Patrik lanzó un suspiro con el cuenco entre las manos.

– Ojalá lo supiera. La familia Hult al completo parece un avispero y, la verdad, preferiría no tener que andar hurgando en sus relaciones internas. Pero hay algo en ellos que no acaba de gustarme, no sé si tiene o no que ver con. los asesinatos. Tal vez es sólo la idea de que la policía probablemente contribuyó a que un inocente se quitase la vida lo que me hace conservar la esperanza de que no nos estemos equivocando. El testimonio de Gabriel fue, pese a todo, lo único sensato sobre lo que basarse cuando las dos muchachas desaparecieron. Aunque no podemos centrarnos sólo en ellas, tenemos que trabajar con amplitud de miras. -Patrik hizo una pausa de unos segundos, antes de continuar-: Pero prefiero no hablar de ello. En estos momentos lo que necesito es precisamente desconectar de todo lo relacionado con los asesinatos y pensar en algo muy distinto.

Ella asintió comprensiva.

– Te prometo que no volveré a preguntarte. ¿Quieres otro bollo?

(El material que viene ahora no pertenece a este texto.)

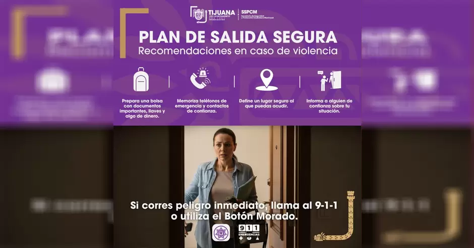TIJUANA.- Con el objetivo de brindar herramientas prácticas que permitan a las mujeres actuar de manera oportuna ante una situación de riesgo, la Secretaría de Seguridad y Protección Ciudadana Municipal (SSPCM), promueve el "Plan de Salida Segura", una guía preventiva para proteger la integridad física y emocional de las víctimas de violencia.
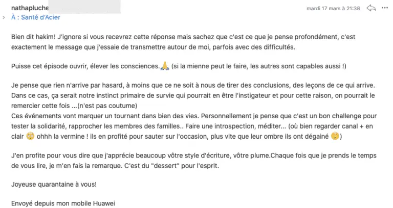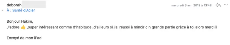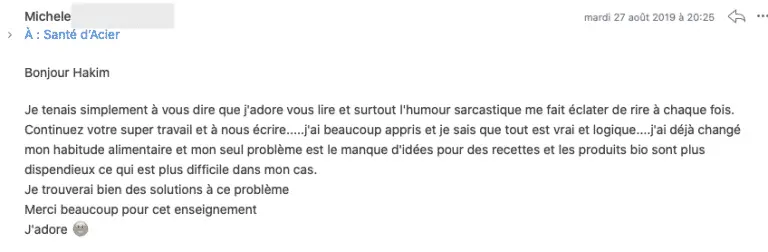 Vos mails sont toujours aussi intéressants. Je prends toujours autant de plaisir à les lire. Ma nouvelle hygiène alimentaire est une renaissance et je vous remercie pour tout ce que vous m’apporter à travers vos mails... Karoline
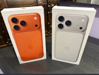 Teléfono móvil iPhone 17 Pro Max con 256GB de almacenamiento. - Color naranja. - Color plateado.
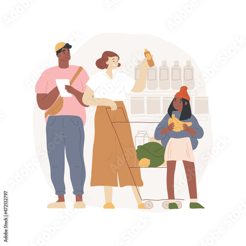 © Vector Juice, Naklejka premium Picking goods isolated cartoon vector illustration. Kid sitting in a cart, reaching out for goods, family lifestyle, picking grocery, shopping with children, help mom choosing cartoon vector.
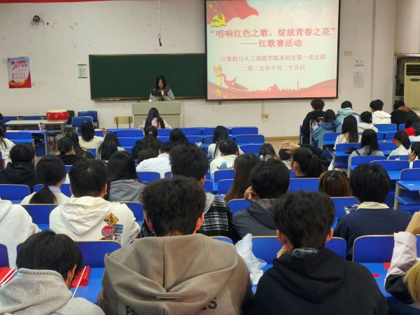 为传承红色基因,弘扬革命精神,引领青年学子在红色旋律中汲取奋进力量,2025年10月25日,91视频 本科生第一党支部在大学生活动中心D101举办“唱响红色之歌,绽放青春之花”红歌赛活动。活动通过红歌演唱与党史知识互动结合的形式,为师生呈现了一场沉浸式的红色文化盛宴,支部党员、入党积极分子及学生代表共100余人参与。
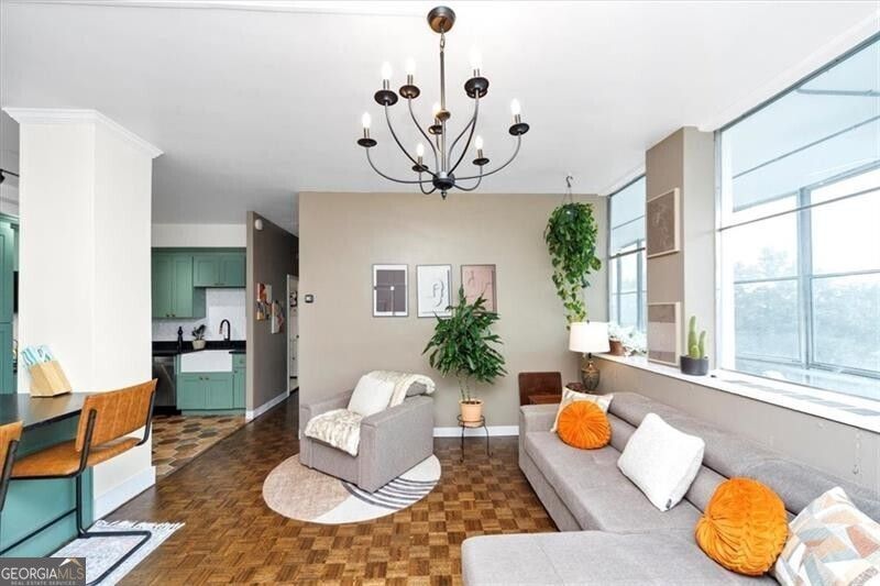 Discover this beautifully updated $40k in renovations Buckhead condo in a classic mid-century building, boasting a spacious 30-foot open-air sunroom balcony perfect for relaxing or entertaining. Inside, enjoy a gourmet kitchen, a primary bedroom with a walk-in closet and balcony access, a secondary bedroom, a dedicated office nook, and a flat HOA fee covering unlimited utilities and all building maintenance. Residents benefit from a full suite of amenities, including a saltwater pool, 24/7 controlled access, and highly rated schools (7-9). This gem offers serene, private living with effortless access to Buckhead Village Phipps Plaza & Lenox Square for premier shopping, dining, and entertainment-just a short stroll away! The kitchen shines with top-of-the-line stainless steel appliances, sage green shaker-style cabinets, honed premium granite countertops, a herringbone white tiled backsplash, a matte black and copper-accented faucet, an oversized sink, corner shelves for ample storage, and a generously sized pantry. Rich dark walnut stained hardwood floors flow throughout, complemented by wall-to-wall windows that flood the home with natural light year-round. The open-concept layout seamlessly connects the kitchen to a sun-drenched family room via wall-to-wall windows, while a hallway ensures privacy for the two spacious bedrooms. The bathroom impresses with a large vanity, high-arc faucet, expansive framed mirror, space-saving ventless washer-dryer, and elegant white tiled floors. Step outside to one of the city's largest communal green spaces-over four acres of lush landscaped grounds with mature trees, ideal for summer barbecues and poolside social gatherings. For active lifestyles, nearby attractions include Frankie Allen Park, Chastain Park, Bobby Jones Golf Course, and the Atlanta BeltLine, offering fields, tennis courts, pools, and golf. Explore the scenic Swan House and Gardens, savor upscale experiences in Buckhead Village, or shop conveniently at Whole Foods, Publix, or Trader Joe's, with charming coffee shops nearby. Enjoy abundant parking, an oversized storage unit. Embrace hassle-free, luxurious living tailored for you and your family for years!
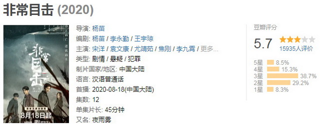《非常目击》作为爱奇艺“迷雾剧场”的第三部剧,在开播之前被寄予厚望,然而开播之后口碑急转直下。虽然该剧在制作和风格上依然匠心独具,但网友对于这样的创作似乎并不买账。

No se lo despreció y, tras un par de horas leyendo al sol en la isla, vieron que era el momento de volver a casa y prepararse para la llegada de sus huéspedes. En el último minuto decidieron invitar también al padre de Patrik y a su mujer, así que, además de los niños, tendrían que proveer de carne a la parrilla a ocho adultos.


Gabriel se ponía nervioso cuando llegaba el fin de semana y se suponía que no debía trabajar, sino relajarse y descansar. El problema era que, si no trabajaba, no sabía qué hacer. El trabajo era su vida. No tenía ninguna afición, ni le gustaba salir con su mujer, y los hijos ya habían volado del nido, aunque el estatus de Linda aún era discutible. En consecuencia, lo que solía hacer era encerrarse en el despacho y zambullirse en sus libros contables. Las cifras eran lo que mejor se le daba en la vida. A diferencia de lo que les ocurría a las personas, tan irracionales y con esa molesta propensión a lo emocional, las cifras seguían unas reglas concretas. Siempre podía confiar en ellas y, en su mundo, se sentía cómodo. No era preciso ser un genio para comprender de dónde procedía ese anhelo suyo por el orden, Gabriel ya lo había achacado hacía tiempo a su caótica niñez. Sin embargo, no creía en la necesidad de ponerle remedio. Funcionaba bien y le había sido de utilidad, de modo que el origen de ese anhelo tenía poca importancia, por no decir ninguna.

Los años que pasó recorriendo caminos con El predicador configuraban una época en la que intentaba no pensar. No obstante, cuando recordaba su niñez, siempre aparecía esa imagen de su padre: un personaje sin rostro, aterrador, que llenaba sus días de gente que gritaba o murmuraba histéricamente; hombres y mujeres que intentaban tocarlo a él y a su hermano Johannes, que los atrapaban con manos como garras con el fin de procurarse alivio para el dolor físico o psíquico que los atormentaba, que creían que él y su hermano tenían la respuesta a sus plegarias, que eran un canal directo de comunicación con Dios.

A Johannes le gustaron aquellos años. Disfrutaba con el protagonismo y se colocaba de buen grado bajo los focos. En alguna ocasión, por la noche, cuando ya se habían acostado, Gabriel lo sorprendió mirándose fascinado las manos, como para ver de dónde procedían en realidad todos aquellos sorprendentes milagros.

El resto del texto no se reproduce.